**What to do:**
From the listing below, output the lines between the one with "Maxim magazine celebrates" and the one with "Jamal Abdul Nasser Circle, Amman, Jordan", including those two, and nothing else. Pictures are not copied.

**Input material:**
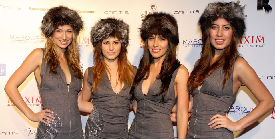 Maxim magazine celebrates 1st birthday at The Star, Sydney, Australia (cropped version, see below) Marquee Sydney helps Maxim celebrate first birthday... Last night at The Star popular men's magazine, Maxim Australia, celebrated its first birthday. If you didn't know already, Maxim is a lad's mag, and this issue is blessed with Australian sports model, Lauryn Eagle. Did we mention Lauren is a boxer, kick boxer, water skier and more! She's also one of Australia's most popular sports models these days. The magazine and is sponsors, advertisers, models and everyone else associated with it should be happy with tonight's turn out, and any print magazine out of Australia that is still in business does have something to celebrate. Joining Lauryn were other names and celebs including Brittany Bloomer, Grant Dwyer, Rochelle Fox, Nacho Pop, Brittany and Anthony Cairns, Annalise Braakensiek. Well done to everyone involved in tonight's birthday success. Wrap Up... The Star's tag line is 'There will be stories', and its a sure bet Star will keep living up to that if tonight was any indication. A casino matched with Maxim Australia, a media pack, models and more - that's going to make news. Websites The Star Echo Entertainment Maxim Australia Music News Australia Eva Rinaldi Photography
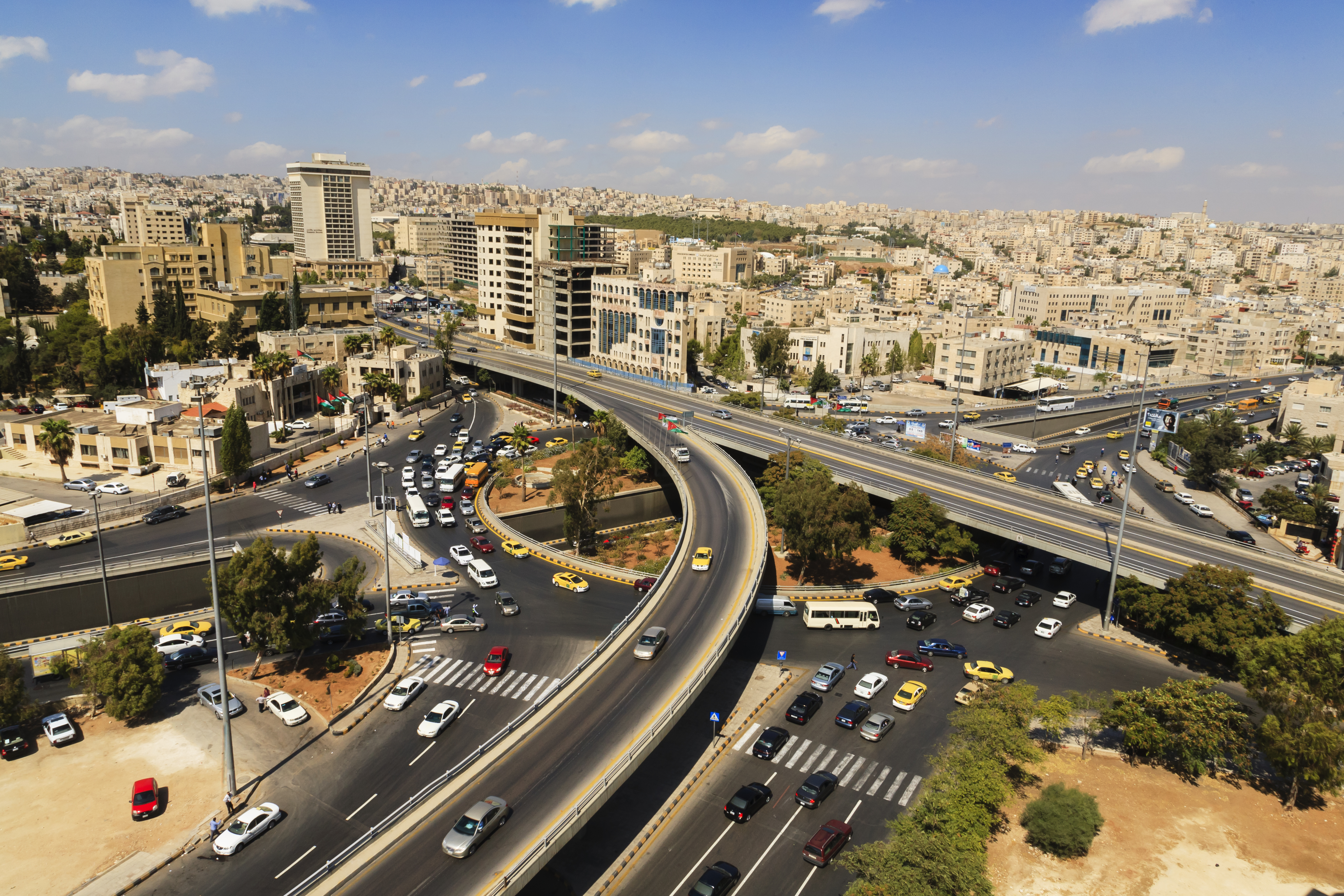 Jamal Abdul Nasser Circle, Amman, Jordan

==

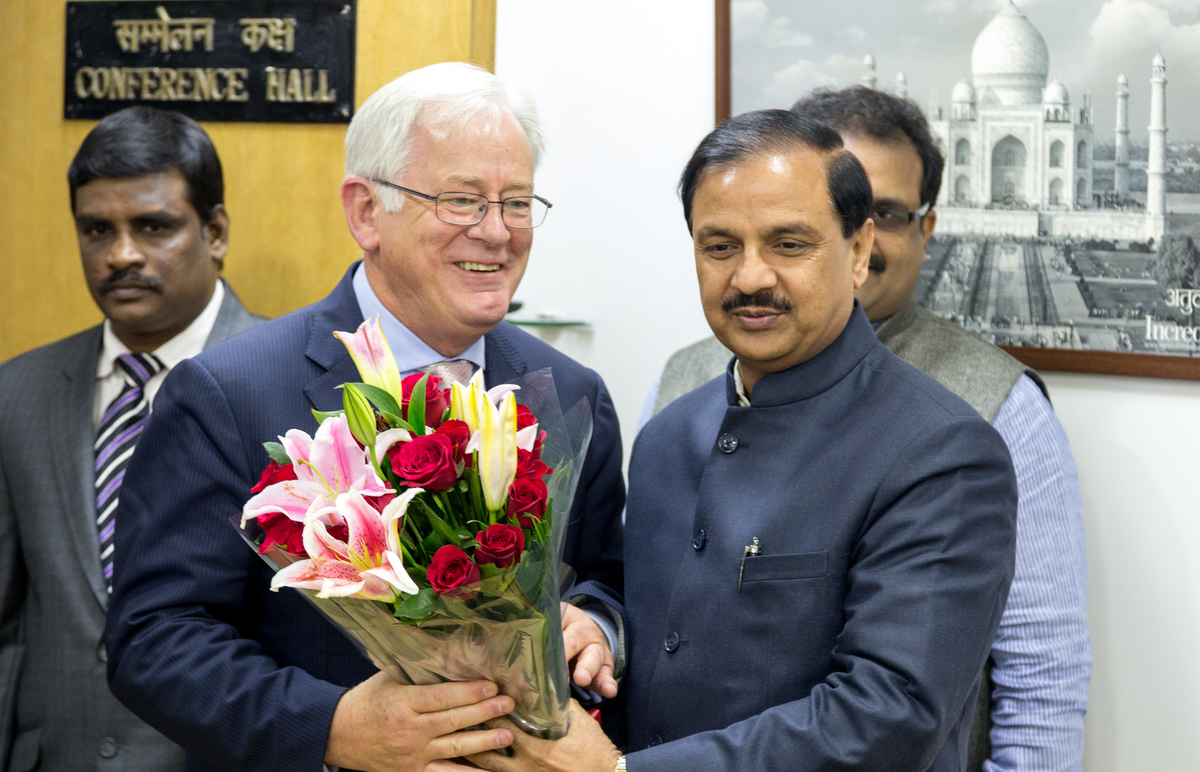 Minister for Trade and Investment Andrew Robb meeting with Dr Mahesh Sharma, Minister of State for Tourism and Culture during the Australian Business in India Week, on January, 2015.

---

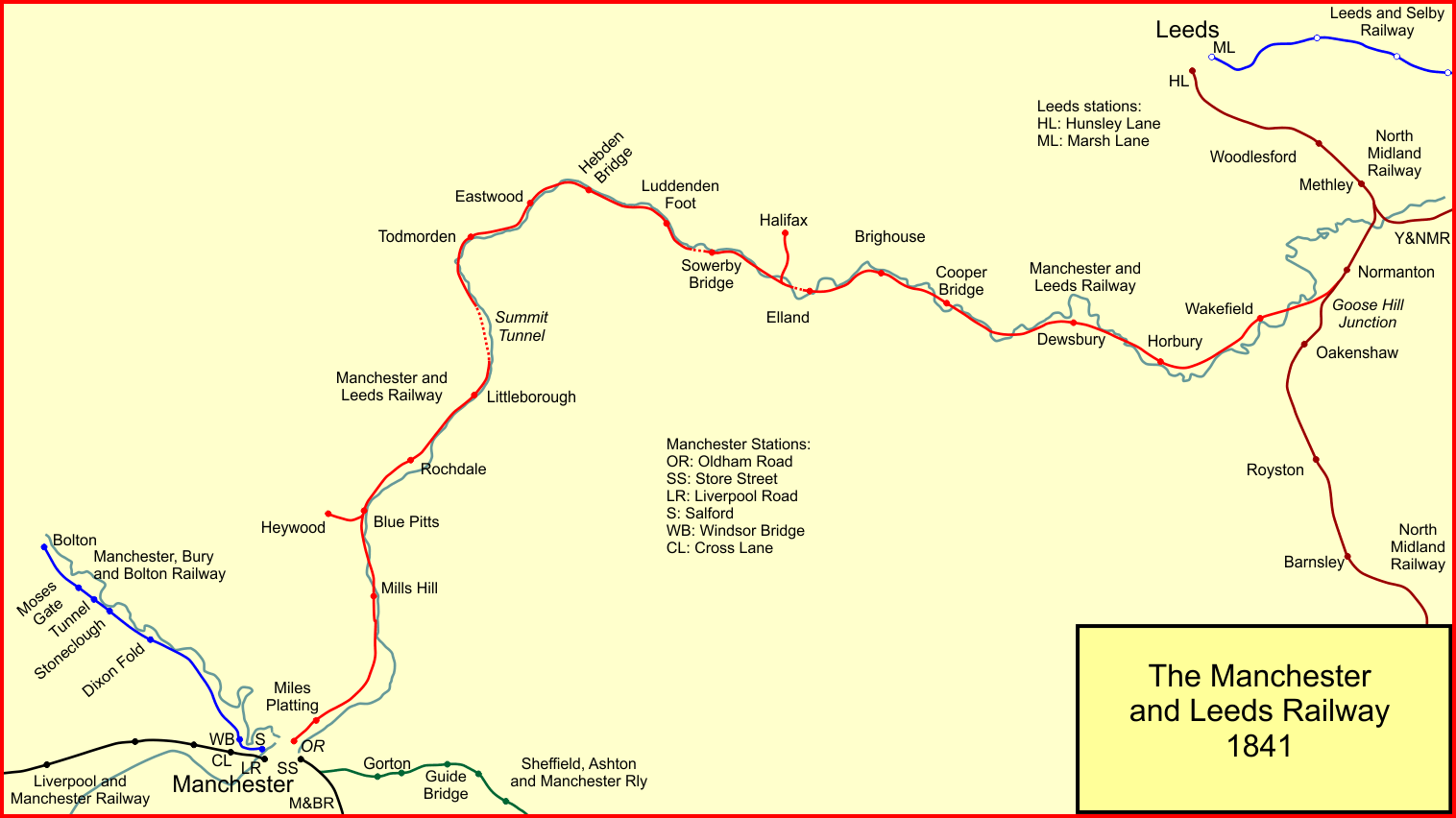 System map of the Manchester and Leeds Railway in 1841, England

**Written solution:**
 Maxim magazine celebrates 1st birthday at The Star, Sydney, Australia (cropped version, see below) Marquee Sydney helps Maxim celebrate first birthday... Last night at The Star popular men's magazine, Maxim Australia, celebrated its first birthday. If you didn't know already, Maxim is a lad's mag, and this issue is blessed with Australian sports model, Lauryn Eagle. Did we mention Lauren is a boxer, kick boxer, water skier and more! She's also one of Australia's most popular sports models these days. The magazine and is sponsors, advertisers, models and everyone else associated with it should be happy with tonight's turn out, and any print magazine out of Australia that is still in business does have something to celebrate. Joining Lauryn were other names and celebs including Brittany Bloomer, Grant Dwyer, Rochelle Fox, Nacho Pop, Brittany and Anthony Cairns, Annalise Braakensiek. Well done to everyone involved in tonight's birthday success. Wrap Up... The Star's tag line is 'There will be stories', and its a sure bet Star will keep living up to that if tonight was any indication. A casino matched with Maxim Australia, a media pack, models and more - that's going to make news. Websites The Star Echo Entertainment Maxim Australia Music News Australia Eva Rinaldi Photography
 Jamal Abdul Nasser Circle, Amman, Jordan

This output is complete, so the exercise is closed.